═════ Stored data ═════

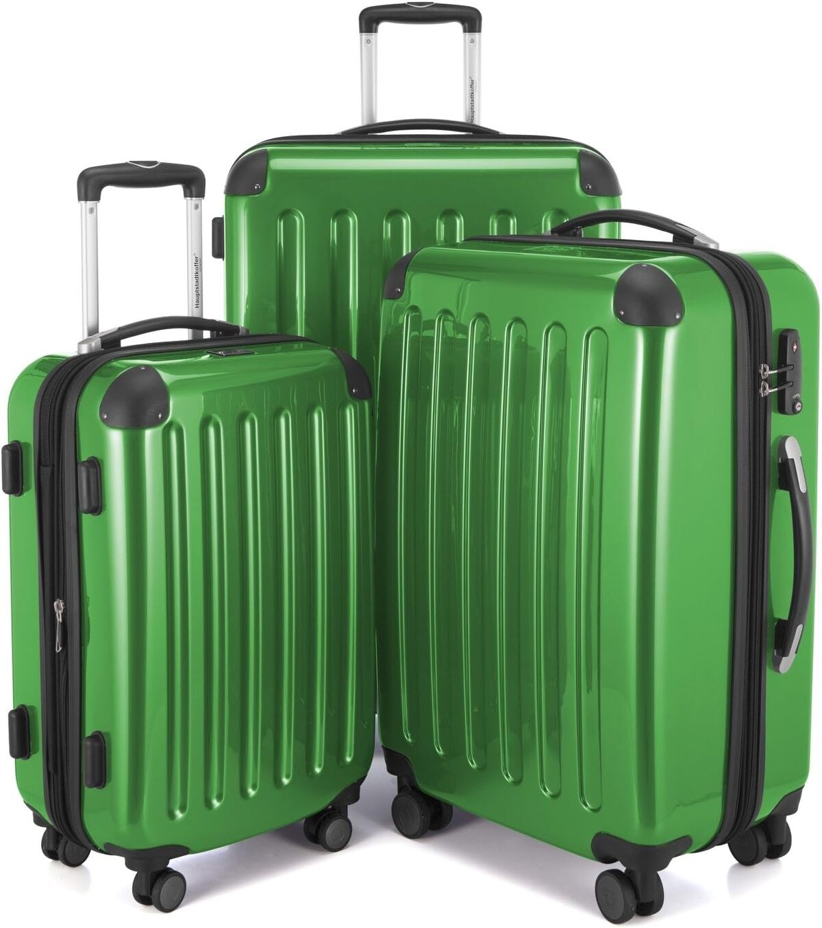 HAUPTSTADTKOFFER - Alex - Set de 3 Valises rigides Bagage Trolley 4 Roues, TSA, (S, M & L), VertPACK DE 3 PRATIQUE : bagage ร main, valise ร coque dure moyenne + grande pour toutes les occasions EXTREMEMENT SOLIDE : Coque dure de grande qualitรฉ en Polycarbonate + ABS, incassable, rรฉsistant aux chocs + chutes TRANSPORT CONFORTABLE : Poignรฉe tรฉlescopique avec bouton, 4 roues doubles, stable + maniable PLUS DE VOLUME : pli รฉlastique flexible, 15% plus de volume, plus d'espace pour les souvenirs et les bagages. SรCURITร : TSA Serrure ร combinaison (pas de clef)249,95 โฌ
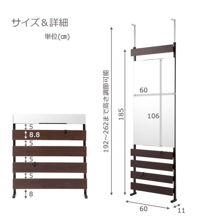 ■商品サイズ/本体:(約)幅60×奥行9(脚部11)×高さ192~262cm
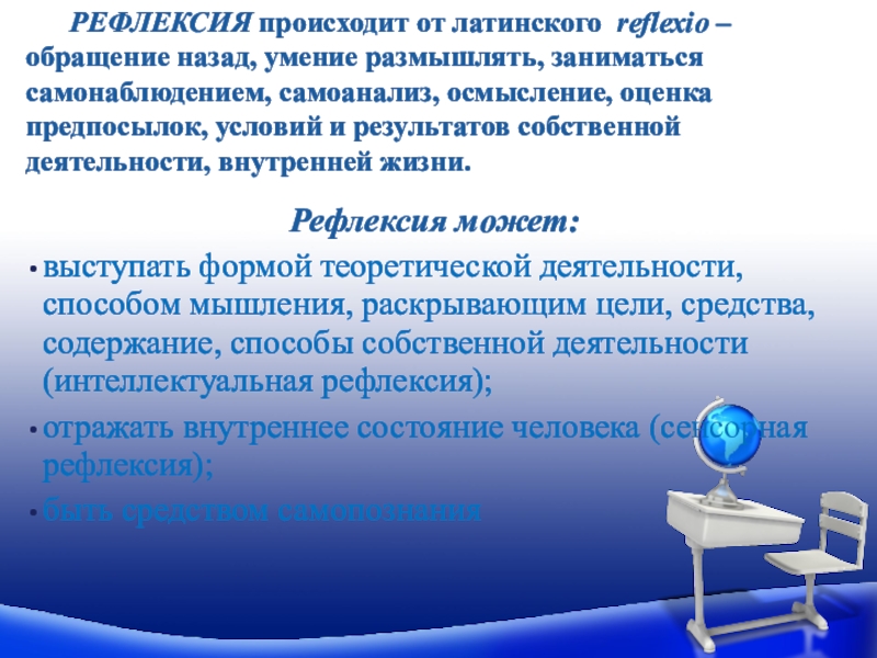 РЕФЛЕКСИЯ происходит от латинского reflexio – обращение назад, умение размышлять, заниматься самонаблюдением, самоанализ, осмысление, оценка предпосылок, условий и результатов собственной деятельности, внутренней жизни.

═════

§ **What is needed**:
Please retype the material in full, exactly as it reads, apart from the images.

§ **Task solution**:
 HAUPTSTADTKOFFER - Alex - Set de 3 Valises rigides Bagage Trolley 4 Roues, TSA, (S, M & L), VertPACK DE 3 PRATIQUE : bagage ร main, valise ร coque dure moyenne + grande pour toutes les occasions EXTREMEMENT SOLIDE : Coque dure de grande qualitรฉ en Polycarbonate + ABS, incassable, rรฉsistant aux chocs + chutes TRANSPORT CONFORTABLE : Poignรฉe tรฉlescopique avec bouton, 4 roues doubles, stable + maniable PLUS DE VOLUME : pli รฉlastique flexible, 15% plus de volume, plus d'espace pour les souvenirs et les bagages. SรCURITร : TSA Serrure ร combinaison (pas de clef)249,95 โฌ
 ■商品サイズ/本体:(約)幅60×奥行9(脚部11)×高さ192~262cm
 РЕФЛЕКСИЯ происходит от латинского reflexio – обращение назад, умение размышлять, заниматься самонаблюдением, самоанализ, осмысление, оценка предпосылок, условий и результатов собственной деятельности, внутренней жизни.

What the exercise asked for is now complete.